Merry #$$%^Chipmas
by CensorChip
We entered the grill, Santa and I, to a profanity-laced welcome reserved only for politicians and the rare Forty Niners touchdown. It was colorful and timely. The big man, no stranger to Poplar Creek or the menagerie that is our membership, responded in like fashion. “Don’t any of you @##$%^&ing derelicts have homes?” Belly laughs ensued and another magical Saturday was afoot.

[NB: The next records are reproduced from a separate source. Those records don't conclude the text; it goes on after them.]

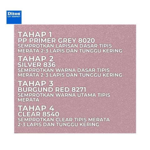 Dapatkan hasil maksimal dgn cara sbb: 1. Pastikan permukaan media yg akan disemprot sudah digosok halus dan bersih 2. Gunakan epoxy Diton Primer Grey 8020 (abu-abu) 3. Semprotkan Diton Burgund Red 8271 4. Gunakan Clear (8540 Untuk Hasil Gloss / 810 Untuk Hasil Doff)
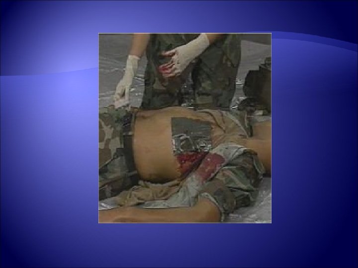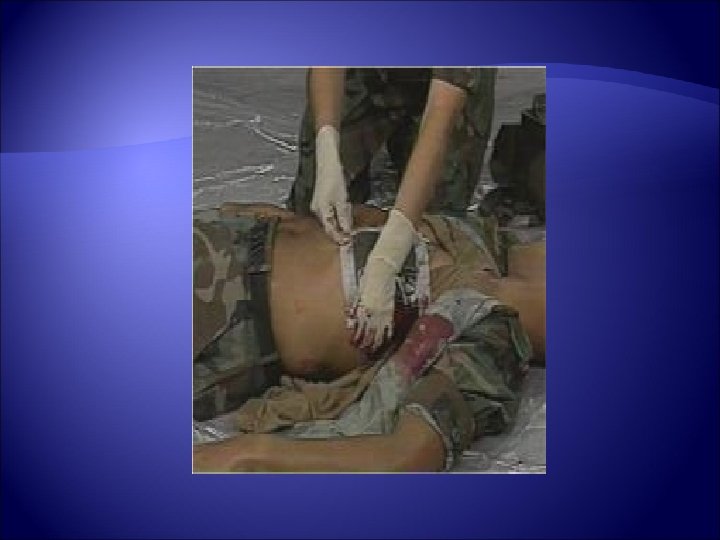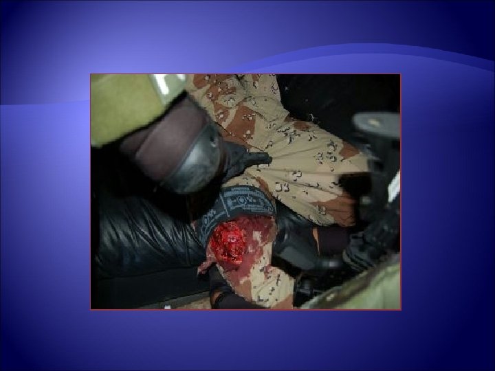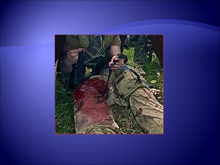 Bleeding from extremity wounds • A 40% loss - about 4 pints will usually result in death. • How quickly this occurs obviously depends on where and how the damage occurs, but… • Bleeding out and death can occur in 3 to 5 minutes in the worse case.
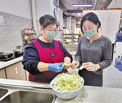 钟德传的妻子牛慧敏(图左)不仅推销丈夫种植的产品,而且还在专卖店尝试性厨房里制作生态健康的美食。
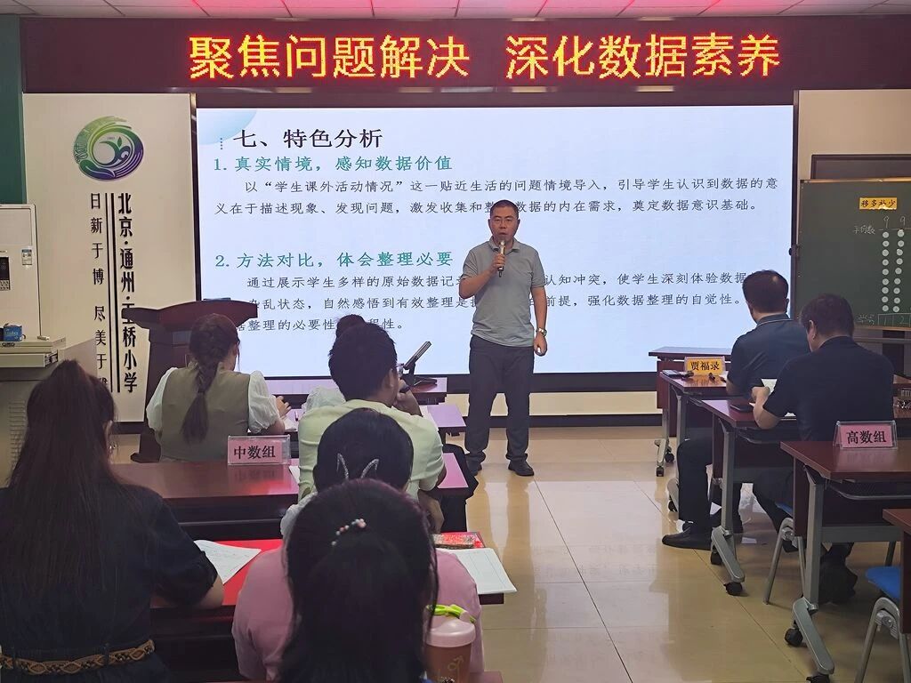最后,彭主任做活動(dòng)總結(jié),對(duì)專(zhuān)家指導(dǎo)表示衷心感謝,并提出學(xué)校數(shù)學(xué)教學(xué)改進(jìn)方向。此次活動(dòng)為玉橋小學(xué)數(shù)學(xué)學(xué)科發(fā)展提供了清晰的行動(dòng)指南,學(xué)校將以“數(shù)據(jù)意識(shí)主題教學(xué)”為突破口,深化單元整體教學(xué)設(shè)計(jì)研究,建立“問(wèn)題導(dǎo)向—素養(yǎng)導(dǎo)向—實(shí)踐導(dǎo)向”的課堂教學(xué)新樣態(tài)。同時(shí),學(xué)校將繼續(xù)利用“大教研”形式,開(kāi)展數(shù)據(jù)主題教學(xué)的持續(xù)研究與實(shí)踐,推動(dòng)教師專(zhuān)業(yè)能力與學(xué)生核心素養(yǎng)的協(xié)同發(fā)展。
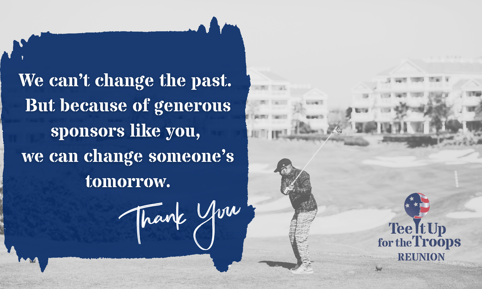 Tee It Up for the Troops relies on companies, corporations, foundations, and individual REUNION sponsors and donors to assist us in reuniting combat veterans and helping them transition from the battlefront to the Homefront. This includes help for the hidden wounds of war, like anxiety, depression, isolation, and suicide.
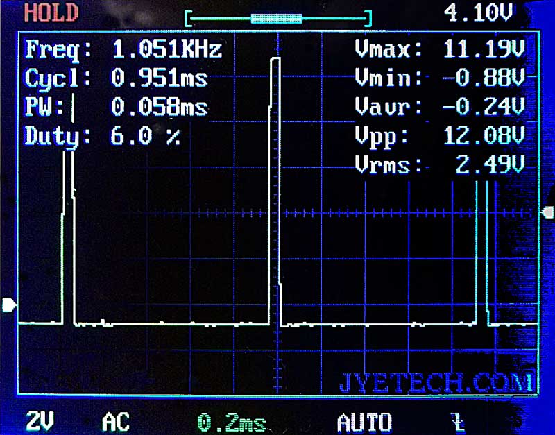 Looks like the frequency is very close at: 1.051kHz the pulse width is bang on target at: 0.058ms 6% duty cycle.
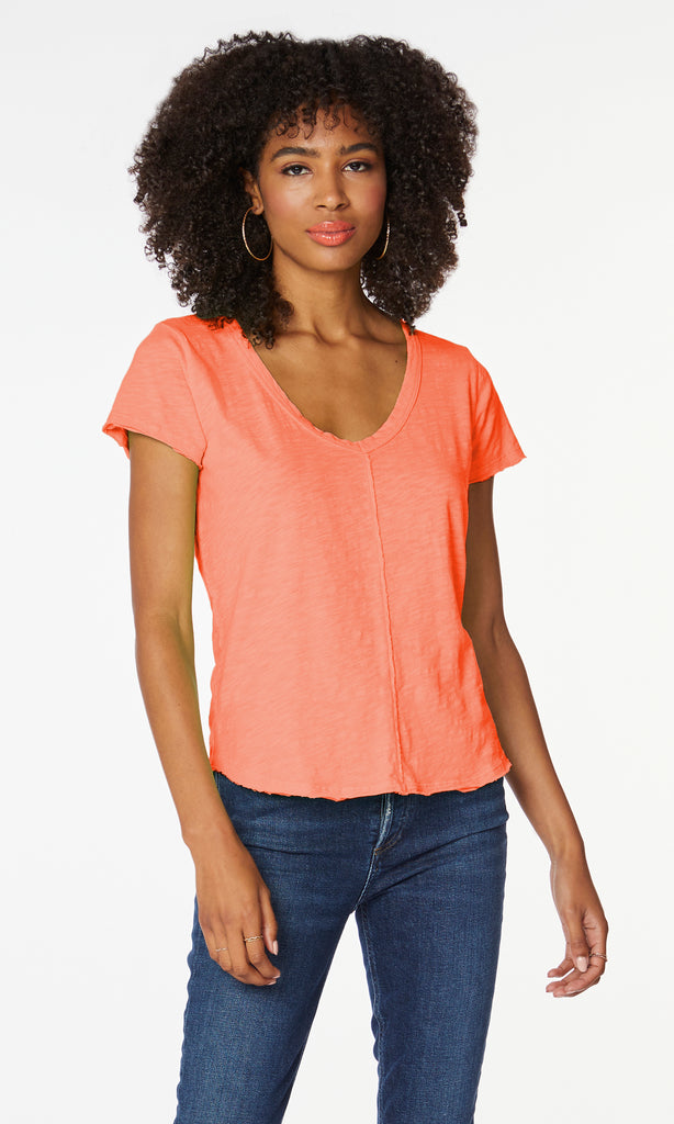 This classic V-neck tee was given a new look with raw edges at the sleeve, hem, and down the front center seam.
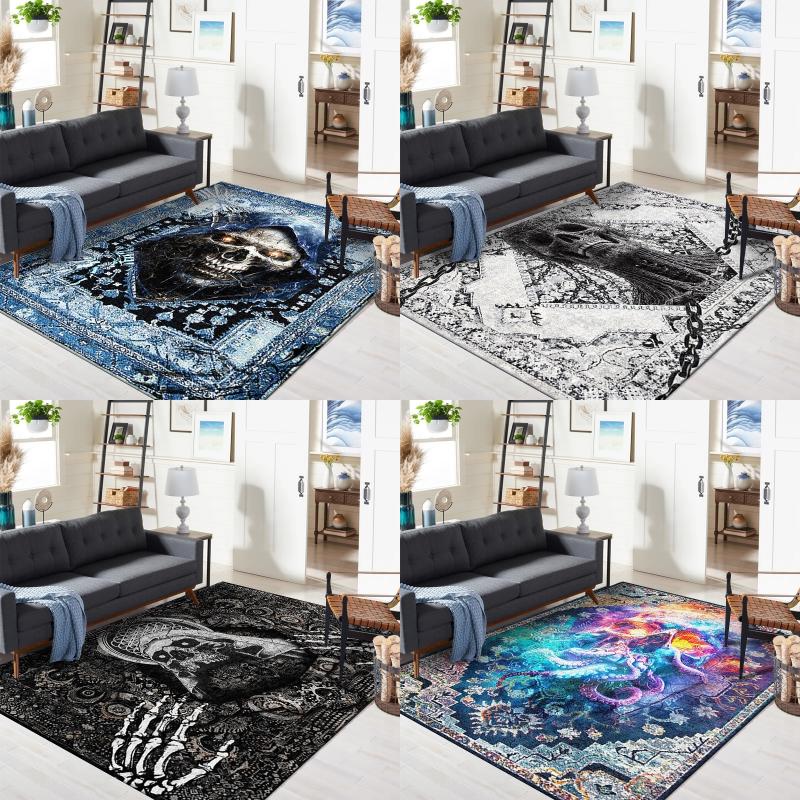 Teppich mit Horror-Skelettmuster für Zuhause Wohnzimmer Schlafzimmer Sofa Fußmatte Dekor Großer Flächenteppich Rutschfeste Bodenmatte Mode
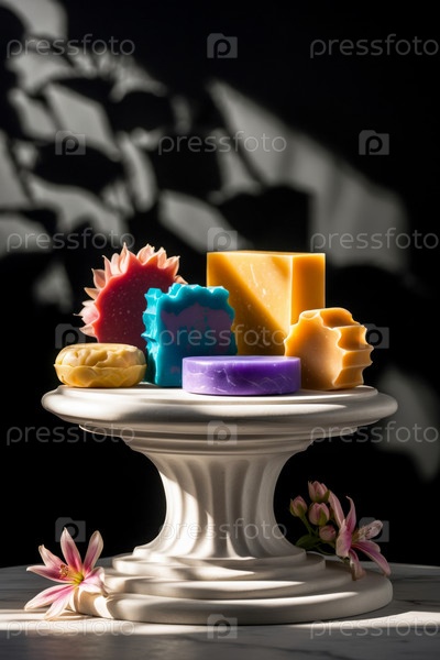 Барный кусок натуральное органическое ароматическое косметическое искусственное мыло ручной работы на стенде на черном фоне AI Generative
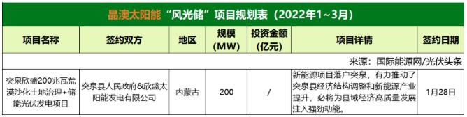 此外,晶澳太陽(yáng)能簽約風(fēng)光儲(chǔ)項(xiàng)目1個(gè),項(xiàng)目規(guī)劃規(guī)模200MW。
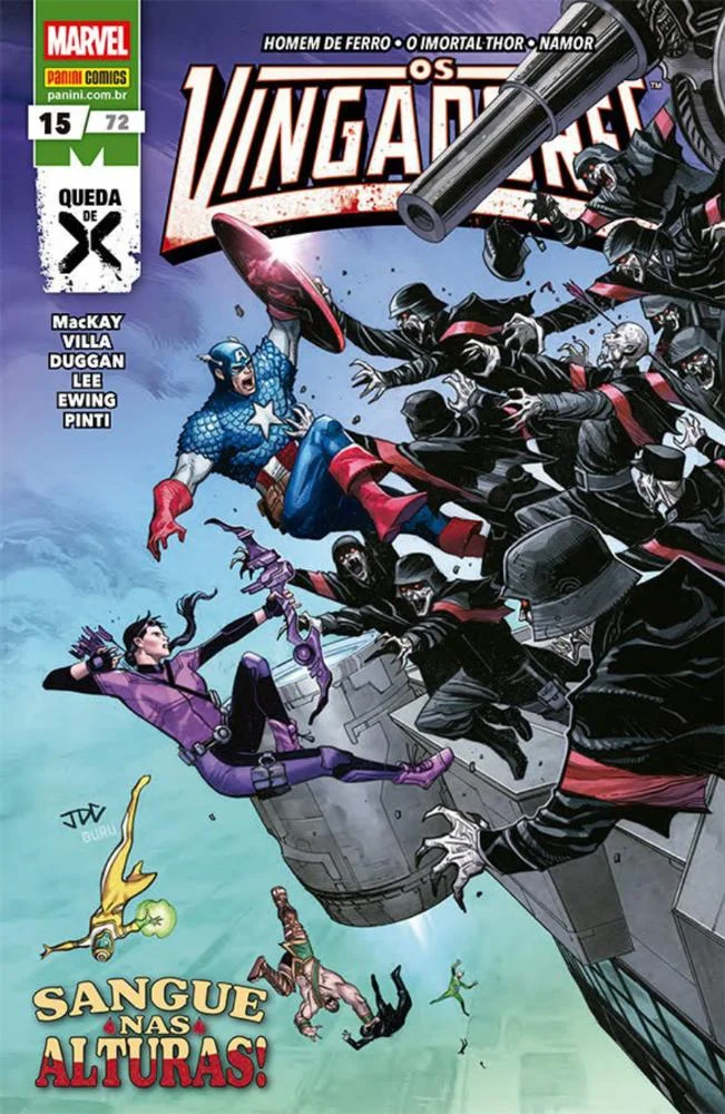 A equipe improvisada de vingadores do capitão américa deve enfrentar um inimigo comandando um exército de vampiros que recai sobre eles dos céus! Ainda nesta edição, homem de ferro enfrentará feilong, então prepare-se para o maior choque de armaduras que você já viu! Enquanto isso, em andlang, a terra dos espíritos, odin desafia thor a lutar pela runa de seu irmão, o deus da guerra tyr, pois ele foi transformado por forças estranhas, por dentro e por fora... E restaurá-lo só teria um custo igual. Além disso, uma espiadinha submarina!

Golfers, without a doubt, are the finest users of cuss words in the sports world. The only possible exception is bocce, but without an interpreter the flavor gets lost. Poplar Creek, with its unmercifully long rounds, poor conditions and overpriced green fees, is the undisputed leader of off color language. Many of our players can go three or four rounds without repeating an adjective. “It's linguistically beautiful in its creative usage,” stated language expert Artie F-ing White. The really good ones let the moment depict the language. “Its like Jim Nance calling the Masters on a late night cable station unfiltered. The worse the golf shot, the better the verbal tirade”, remarked Mike Shaffer.
Luckily this creativity carries over into the bar. All efforts to tone down the language are defeated by the arrival of the next member. “It’s kind of like a loud secret handshake that everyone on the property can hear”, said Mike Woodall.
Santa and I, well into our cheer, reveled at the uninhibited joy of golfers complaining about the sport they love to hate. It was #$%$%^^&&ing fantastic.